By William Wolf

THE BRIDESMAID  Send This Review to a Friend

The biggest disappointment in the 2005 Rendez-Vous with French Cinema series was “The Bridesmaid,” a work by renowned director Claude Chabrol, now getting a commercial release. The passage of time hasn’t made it any better.

Of course, Chabrol knows how to make a movie with the utmost finesse, but the story here, based on a novel by Ruth Rendell, is an unconvincing, contrived one. It involves a young man who becomes involved with an obsessive, psychologically damaged young woman.

Philipe (Benoît Magimel) hasn’t a clue as to what he’s getting into when he is smitten by Senta (Laura Smet). She’s one sick woman. Senta demands that he kill someone, a stranger, to prove his love, which she promises to do in return. (Distorted echoes of Hitchcock’s “Strangers on a Train.")

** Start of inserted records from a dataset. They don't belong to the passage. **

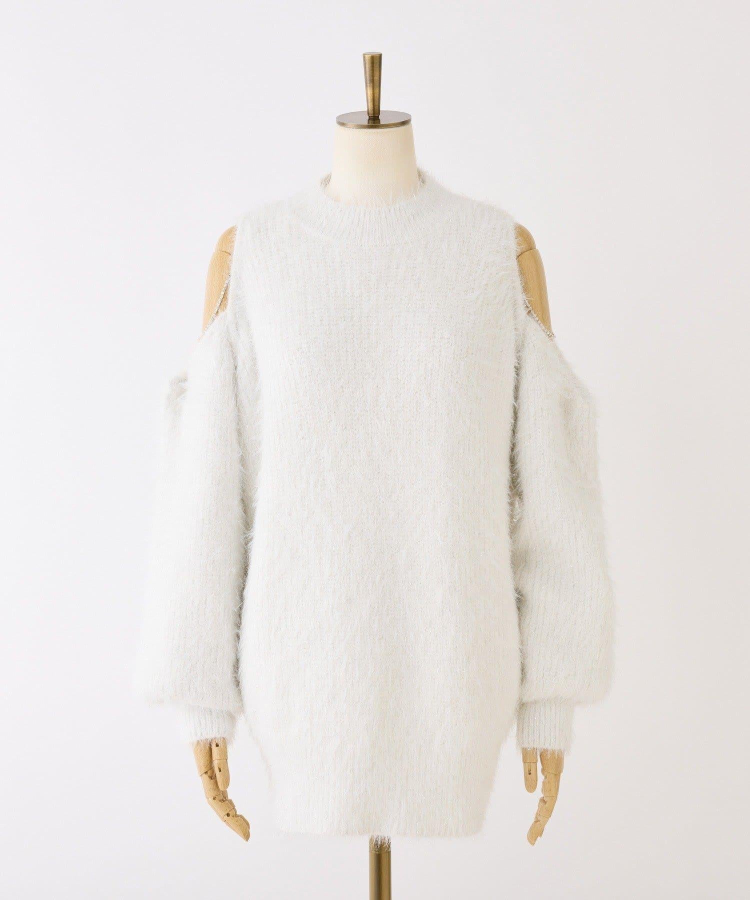 迷你針織連衣裙,採用開肩設計和閃亮鏈條。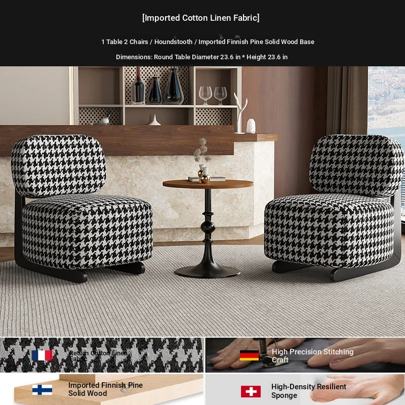 1 Table 2 Chairs +60 */23.62in [houndstooth/Import cotton/Import Finland Pine solid wood base]]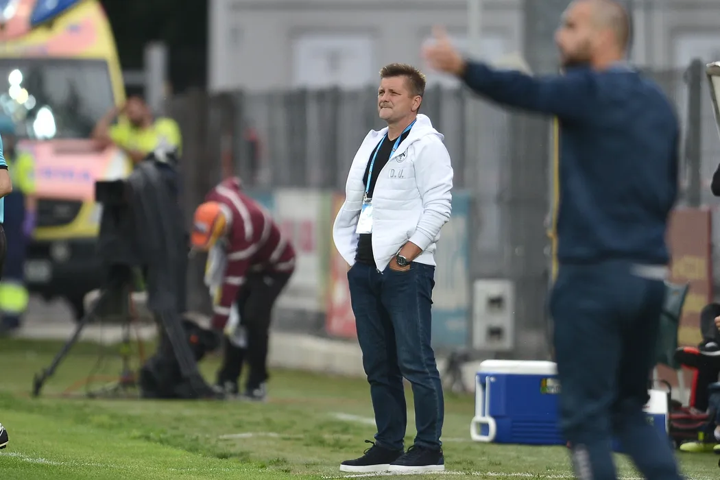 Dusan Uhrin, antrenorul echipei Gaz Metan Medias, urmareste meciul de fotbal contra echipei AFC Astra Giurgiu din etapa a III-a a play-off-ului Ligii 1, disputat pe stadionul Marin Anastasovici din Giurgiu, luni, 15 iunie 2020. ALEXANDRU DOBRE/ MEDIAFAX FOTO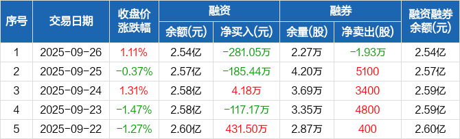 天虹股份:融资净偿还281.05万元,融资余额2.54亿元(09-26)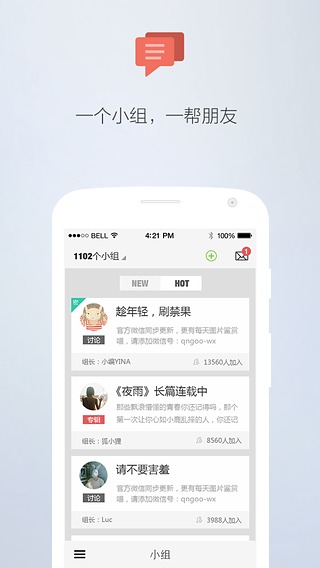 一個小組,一幫朋友禁果小組等你加入,尋找有趣的小伙伴一起碎節(jié)操吧!

Senta is so screwed up that, even allowing for men being led around by their sexual drives instead of their brains, it is hard to imagine the extent and rapidity of this guy’s entanglement with such an obvious nut case.

The film is acted well enough by Magimel and Smet, as well as by others in a cast that includes Aurore Clément, Bernard Le Coq, Solène Bouton, Anna Mihalcea and Michel Duchaussoy. But the story gets less and less credible as the plot becomes more and more dire. A First Run Features release.